RCI Hosp.ity Holdings, Inc. v. White
This text of 2023 NY Slip Op 04949 (RCI Hosp.ity Holdings, Inc. v. White) is published on Counsel Stack Legal Research, covering Appellate Division of the Supreme Court of the State of New York primary law. Counsel Stack provides free access to over 12 million legal documents including statutes, case law, regulations, and constitutions.
Opinion
| RCI Hosp.ity Holdings, Inc. v White |
| 2023 NY Slip Op 04949 |
| Decided on October 03, 2023 |
| Appellate Division, First Department |
| Published by New York State Law Reporting Bureau pursuant to Judiciary Law § 431. |
| This opinion is uncorrected and subject to revision before publication in the Official Reports. |
Decided and Entered: October 03, 2023
Before: Oing, J.P., Friedman, Kennedy, Shulman, Pitt-Burke, JJ.

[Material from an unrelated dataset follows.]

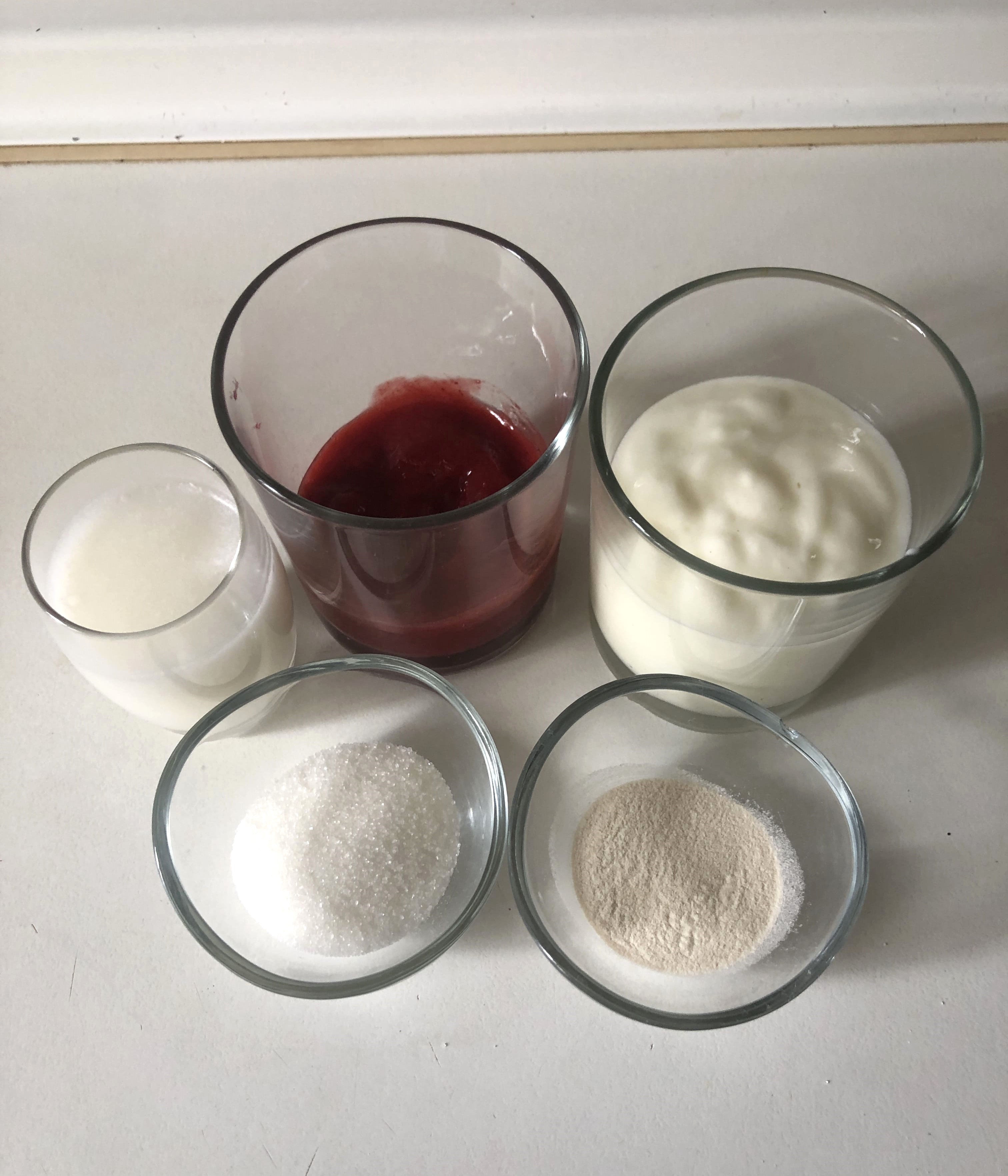 - 50 gr de puré de fresas (utiliza unos 70 gr de fresas frescas)

Index No. 161752/19 Appeal No. 689 Case No. 2022-00810
v
Scott White, Defendant-Appellant.
Schwartz Sladkus Reich Greenberg Atlas LLP, New York (Ethan A. Kobre of counsel), for appellant.
Akerman LLP, New York (Jeffrey A. Kimmel of counsel), for respondents.
Order, Supreme Court, New York County (Sabrina Kraus, J.), entered February 9, 2022, which, to the extent appealed from as limited by the briefs, denied defendant's motion to dismiss the cause of action for defamation pursuant to Civil Rights Law § 74, unanimously affirmed, with costs.
The court correctly declined to dismiss plaintiffs' defamation claim under the "fair report privilege" (Civil Rights Law § 74) on the ground that plaintiffs adequately asserted the exception to that privilege set forth in Williams v Williams (23 NY2d 592 [1969]). Civil Rights Law § 74 provides, in relevant part, that a "civil action cannot be maintained against any person . . . for the publication of a fair and true report of any judicial proceeding." Williams held that the protection of the statute may not be invoked where a party maliciously institutes a judicial proceeding alleging false and defamatory charges as a vehicle to publish and disseminate those charges (see Williams, 23 NY3d at 599). As is clear from the Court of Appeals' most recent discussion of it, the Williams exception applies and prevents early dismissal of a defamation claim where there are nonconclusory allegations that raise a question of fact as to whether the underlying litigation was maliciously instituted for the purpose of defaming or pressuring a party into taking certain action, such as renegotiation of a contract (see Gottwald v Sebert, — NY3d —, —, 2023 NY Slip Op 03183, *3 [2023]).
Here, the complaint adequately asserts the exception based on the allegations that defendant employed a strategy to avoid paying monies that he owed to plaintiffs' clubs by falsely accusing plaintiffs of drugging and robbing him in the press, in the hope that plaintiffs' "fear of unwanted negative press would result in them rushing to quiet his false claims" by reversing the charges that he had paid and offering additional "hush money." The complaint further alleges that defendant previously filed the summons with notice containing the false and defamatory allegations in order to "bolster the narrative [he] gave to the press, and to paint himself as a bona fide claimant."
Because plaintiffs' defamation claim was not frivolous, defendant's request for sanctions under CPLR 8303-a and 22 NYCRR 130-1.1 was properly denied.
THIS CONSTITUTES THE DECISION AND ORDER OF THE SUPREME COURT, APPELLATE DIVISION, FIRST DEPARTMENT.